Certamente, uma das temáticas mais fortes em Morto Não Fala é sobre namoro abusivo e masculinidade tóxica. Propositalmente, Denisson coloca o público para enxergar Odete sob a ótica de Stenio, marcada pela desconfiança. Assim, é normal que rapidamente crie-se antipatia pela mulher, que basicamente só aparece para reclamar e “pular a cerca”. Entretanto, com o passar do tempo, vemos que, apesar de errada pela traição, os erros cometidos pelo protagonista são piores ainda e a situação se inverte. Neste sentido, é louvável que o diretor crie final do filme esse sentimento de repugnância pelos próprios pensamentos em relação a personagem, tendo um caráter quase educativo Outro fator essencial para o funcionamento da atmosfera tensa do longa é Daniel Oliveira.
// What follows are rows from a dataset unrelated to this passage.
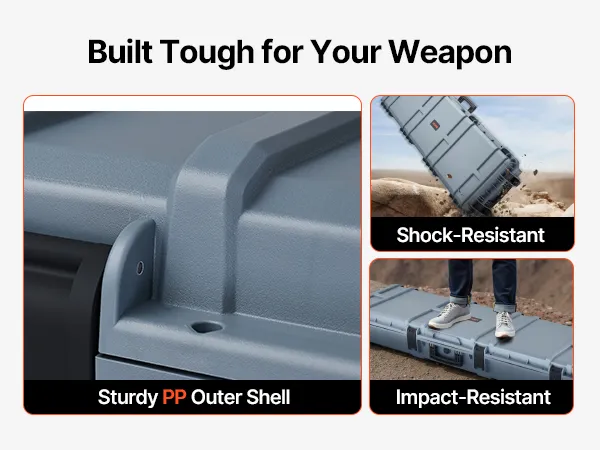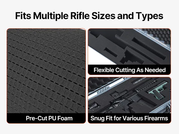 4-warstwowa pianka: Nasza walizka na broń długą wykonana jest z 4 warstw miękkiej pianki: 1 warstwy pianki egg-crate dla amortyzacji wstrząsów; 2 warstw wstępnie wyciętej pianki dla dokładnego dopasowania; oraz 1 warstwy twardej pianki dla dodatkowego wsparcia. Możesz dostosować przegrody do kształtu swojego karabinu.
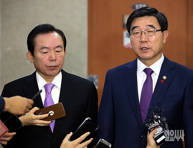 7일, 서울 여의도 국회 정론관 앞에서 이기권 고용노동부장관이 이인제 새누리당 노동선진화특위위원장(사진 왼쪽)과의 '노동개혁법' 관련 기자회견 직후 취재진의 질문에 답변하고 있다.
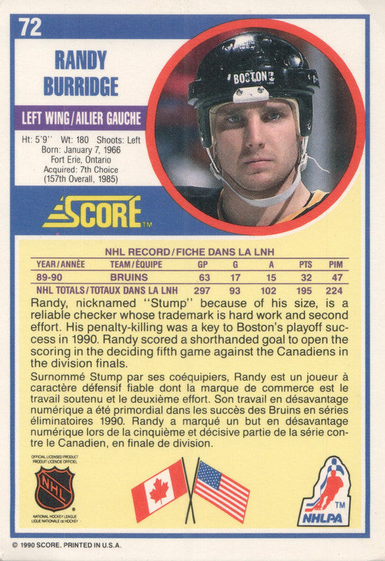 #72 Randy Burridge Rookie Boston Bruins 1990-91 Score Hockey Card
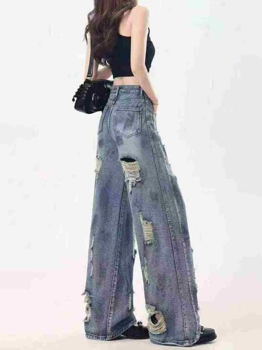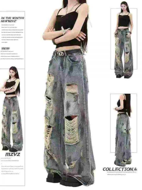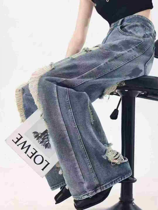 复古扎染废土风破洞女牛仔裤水洗垂感阔腿拖地裤,码数...
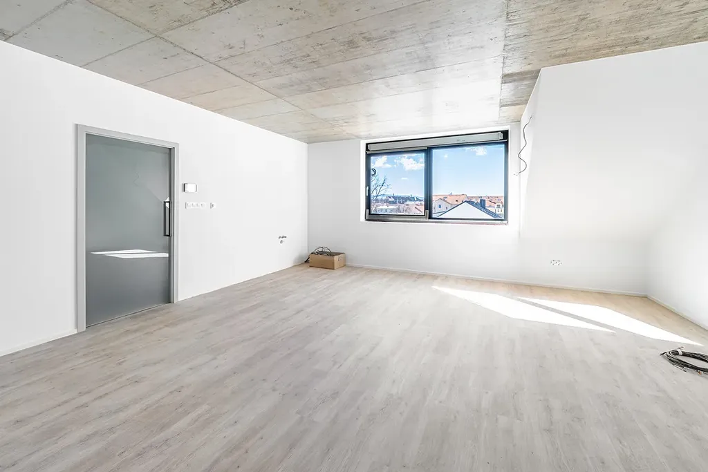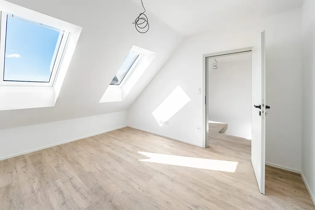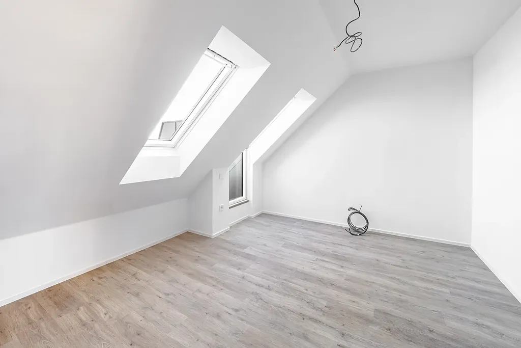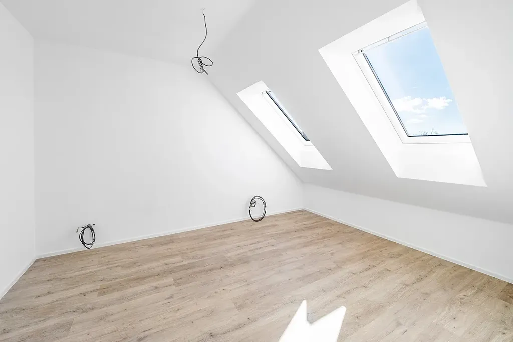 Dispozice bytu nabízí vstupní chodbu, prostorný a světlý obývací pokoj s kuchyňským koutem, ložnici, koupelnu a technickou místnost se samostatným WC. Velkoformátová okna a střešní okna dodávají interiéru dostatek přirozeného světla a podtrhují vzdušnost celého prostoru.
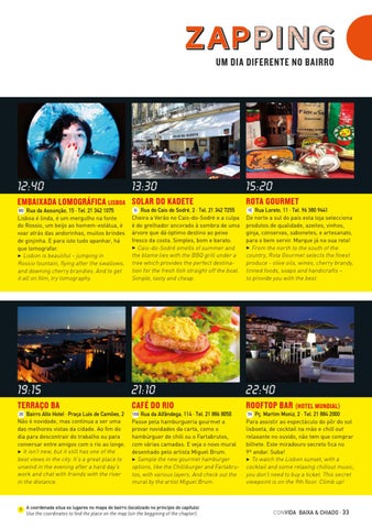 Rua da Alfândega, 114 · Tel. 21 886 8050 Passe pela hamburgueria gourmet a provar novidades da carta, como o hambúrguer de chili ou o Fartabrutos, com várias camadas. E veja o novo mural desenhado pelo artista Miguel Brum. 3 Sample the new gourmet hamburger options, like the Chilliburger and Fartabrutos, with various layers. And check out the mural by the artist Miguel Brum.
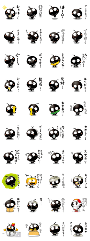 不思議な生物「くろっち-7」の冬スタンプ。 冬には冬の暖かスタンプ。KODO より発売
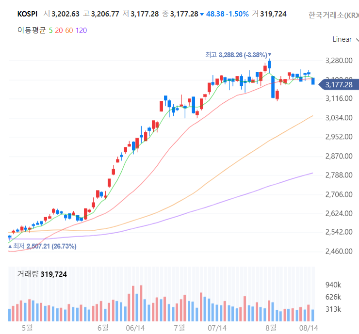 코스피 지수는 1.5% 하락한 3177.28로 마감. 외국인이 5402억 순매도, 기관이 791억 순매수.
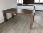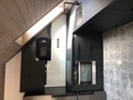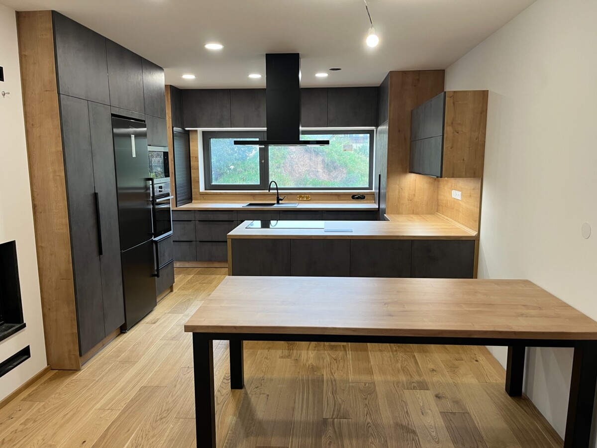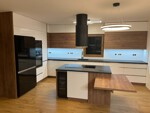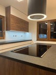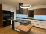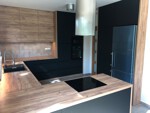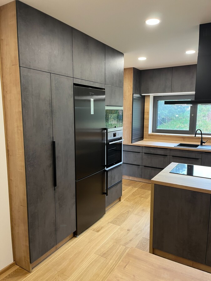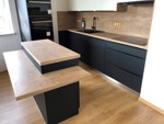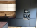 Dvířka černá mat a Smoked Walnut, pracovní deska Lapitec Nero assoluto vesuvio, zadní deska Smoked Walnut
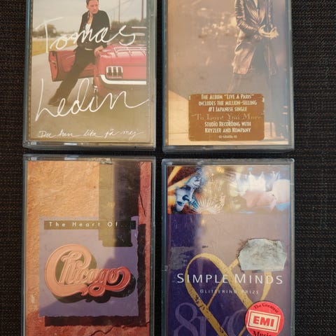 Kaksi pakettia avaamattomia. Kummassakin 4 kasettia. Hyvää musiikkia.

O ator, com seus olhos vigilantes e sua tensão corporal, consegue exteriorizar a mente de alguém quase esquizofrênica. 

Depois dos Créditos

Morto Não Fala é mais uma amostra do potencial brasileiro em transitar entre gêneros de cinema através da realidade do dia-a-dia, abordando temas como violência urbana e relacionamento abusivo. Assemelhando-se ao filme Amaldiçoado, do diretor Alexandre Aja, o filme também é uma interessante mistura entre o humor sombrio e o terror. Todavia, o longa pouco explora a potencialidade dos diálogos entre o protagonista e os mortos e prefere rumar pelo caminho dos jumpscares, sendo carregado pelas atuações de Daniel Oliveira e Bianca Comparato. Pelo menos ao fim, o inferno passado por Stenio levou a catarse ao persosnagem. Mas não ao público.